Items listed in a dataset:
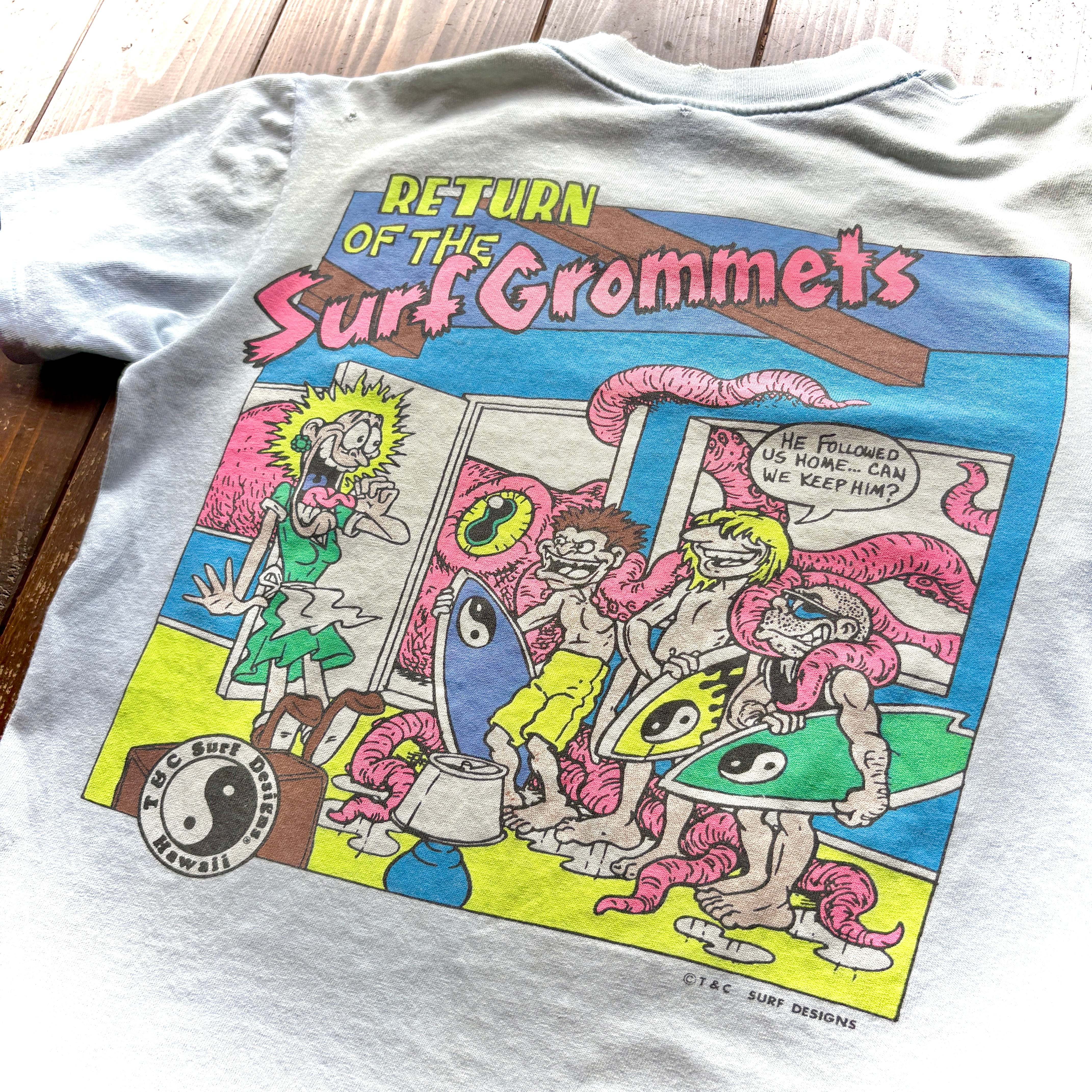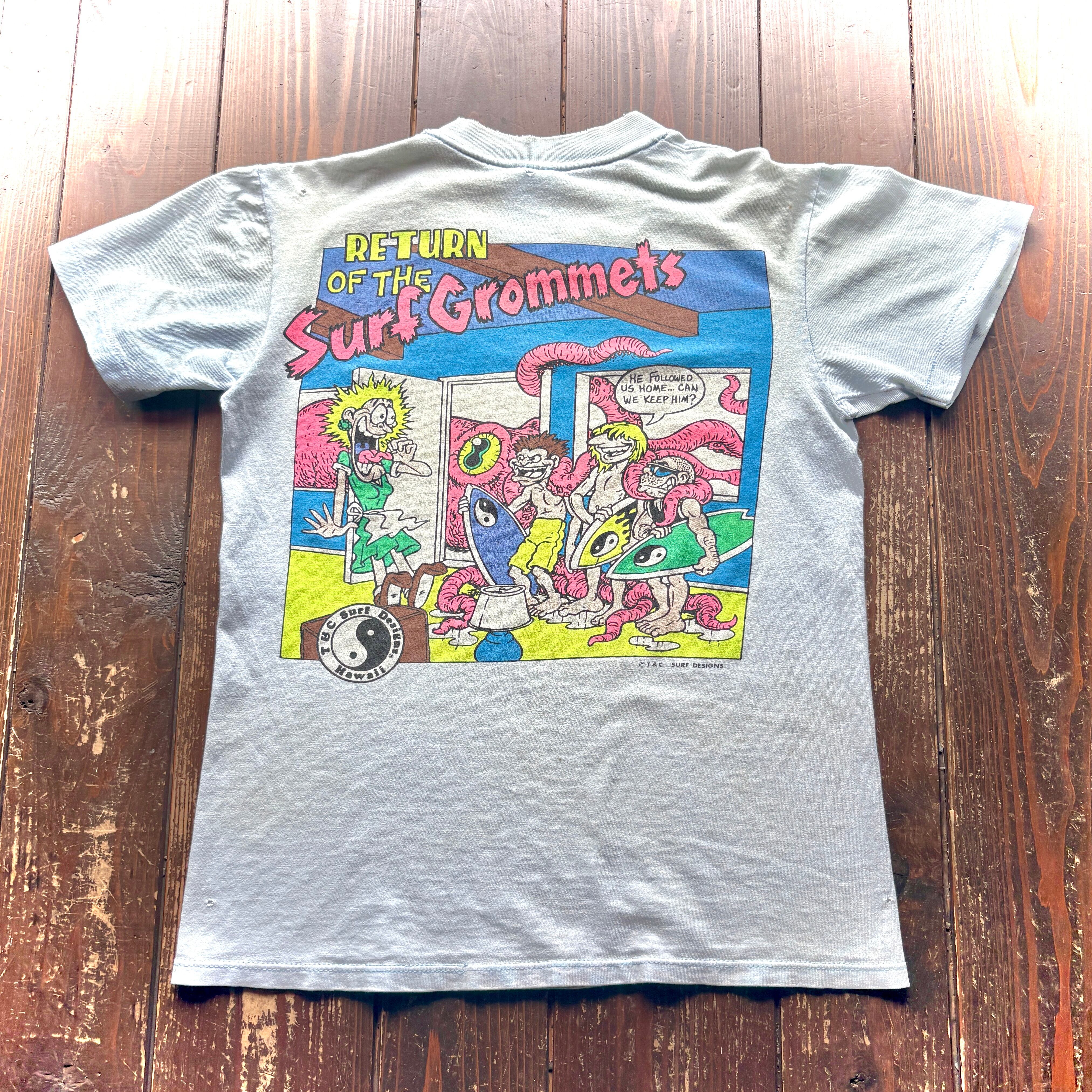 for Ladies♡ 80s Town&Country Surf Design〝RETURN OF THE Surf Grommets〟 INK Print T-Shirt Body Stedman Made in U.S.A / Size SMALL
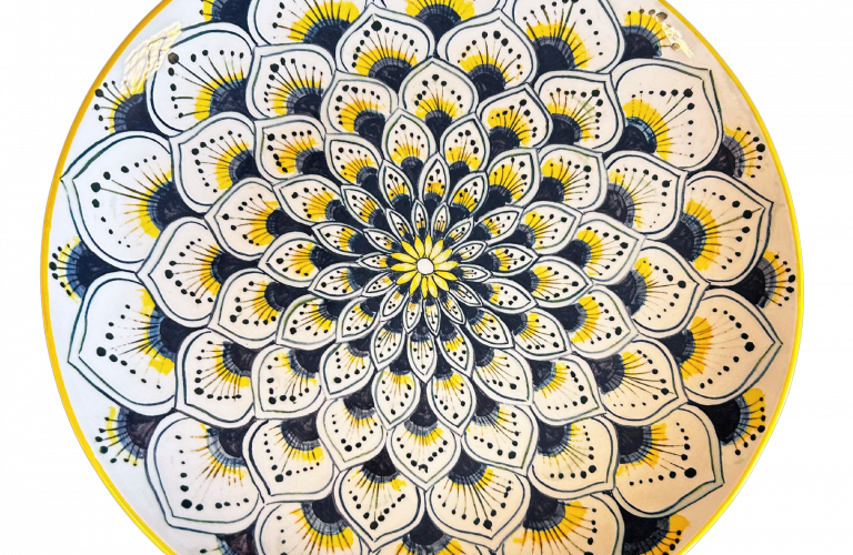 Met een royale maat van 28x28 cm is dit bord ideaal voor het serveren van hoofdgerechten, pasta’s, salades of als luxe presenteerschaal. De combinatie van rijke kleuren en ambachtelijk design maakt dit bord een echte blikvanger op tafel.
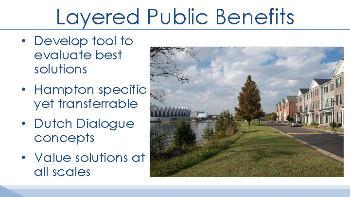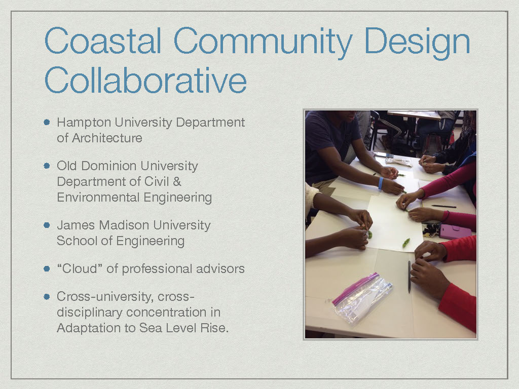 Coastal Focus Moderator: Jane Frantz, AICP, PMP, CFM, Deputy Branch Manager, Resilience Solutions Group, Dewberry Terry O’Neil, Director, Hampton Community Development Department: Hampton Plans for Living with Water Lewis Lawrence, Executive Director, MPPDC: Addressing Sea Level Rise in Rural Coastal Communities Mason Andrews, M. Arch., Associate Professor of Architecture, Hampton University: Resilient Neighborhood Design in Coastal Communities
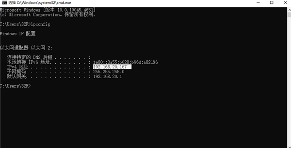 7、接下来输入ipconfig,即可查到需要连机的ip;
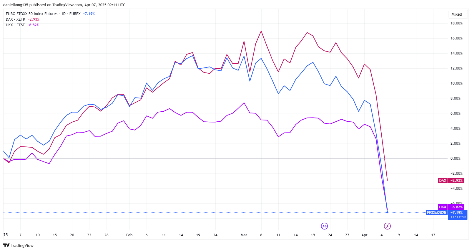 Thị trường châu Âu mở cửa giảm mạnh vào ngày 7 tháng 4, kéo dài tổn thất nghiêm trọng của tuần trước khi thuế quan của Trump làm dấy lên lo ngại của các nhà đầu tư. Có thời điểm, hợp đồng tương lai Euro Stoxx 50 giảm hơn 6%, kéo dài mức giảm 8% so với hai phiên trước. Chỉ số DAX của Đức, nơi chịu ảnh hưởng lớn từ thương mại toàn cầu, đã giảm 10% khi mở cửa, trong khi CAC 40 của Pháp giảm 6,6% và FTSE MIB của Ý giảm 5,7%. Tại Anh, FTSE 100 giảm 6%, xuống mức thấp nhất trong một năm là 7.566.
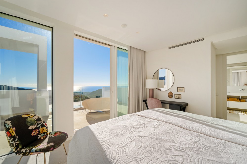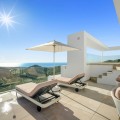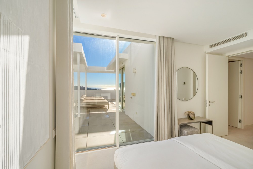 • This exceptional duplex penthouse occupies one of the best positions within the exclusive Palo Alto community in Ojén, offering unobstructed panoramic sea views across the Mediterranean coastline. The property features a spacious open-plan living and dining area with a designer kitchen fitted with Gaggenau appliances, seamlessly connecting to expansive terraces through floor-to-ceiling glass doors. Multiple terrace spaces throughout the home create a strong indoor–outdoor flow and offer complete privacy with open sea and mountain views. The highlight is the rooftop terrace, designed for entertaining and relaxation, complete with a large heated swimming pool, sun decks, a fully equipped outdoor kitchen, as well as an outdoor shower and toilet. The penthouse includes multiple en-suite bedrooms with terrace access, finished to a high standard. Additional features include a smart home demotic system, underfloor heating throughout, security cameras, three underground parking spaces, and a private storage room, all included in the price. The property is sold fully furnished with designer furniture, offering a turnkey solution. Located just minutes above Marbella, this exclusive gated community offers 24-hour security and a full suite of resort-style amenities, including a clubhouse with spa, co-working area, gym, sauna and cold plunge, as well as tennis courts, scenic hiking trails, and an on-site organic market. Combining privacy, elevated views, and effortless access to the coast, golf courses, and local amenities, this penthouse represents an outstanding luxury residence in a truly exceptional setting.
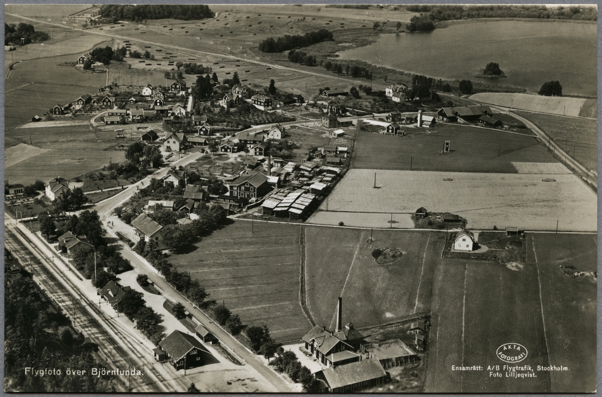 Vy över Björnlunda. Den mittersta byggnaden parallellt med järnvägsspåret är stationshuset.
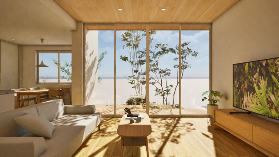 開放感のある角地。リビングのハイサッシを開けると、内と外が繋がり一体的な空間として利用できます。
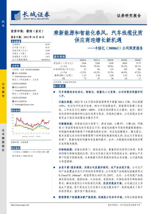 【长城证券】【20221020】20221020-长城证券-卡倍亿-300863.SZ-公司深度报告:乘新能源和智能化春风,汽车线缆优质供应商迎增长新机遇-26页

> _Aim of the task_
Restate word for word every line from the one with "Met een royale" up to and including the one with "7、接下来输入ipconfig,即可查到需要连机的ip;" in the records above, minus the pictures.

> _Expected answer_
 Met een royale maat van 28x28 cm is dit bord ideaal voor het serveren van hoofdgerechten, pasta’s, salades of als luxe presenteerschaal. De combinatie van rijke kleuren en ambachtelijk design maakt dit bord een echte blikvanger op tafel.
 Coastal Focus Moderator: Jane Frantz, AICP, PMP, CFM, Deputy Branch Manager, Resilience Solutions Group, Dewberry Terry O’Neil, Director, Hampton Community Development Department: Hampton Plans for Living with Water Lewis Lawrence, Executive Director, MPPDC: Addressing Sea Level Rise in Rural Coastal Communities Mason Andrews, M. Arch., Associate Professor of Architecture, Hampton University: Resilient Neighborhood Design in Coastal Communities
 7、接下来输入ipconfig,即可查到需要连机的ip;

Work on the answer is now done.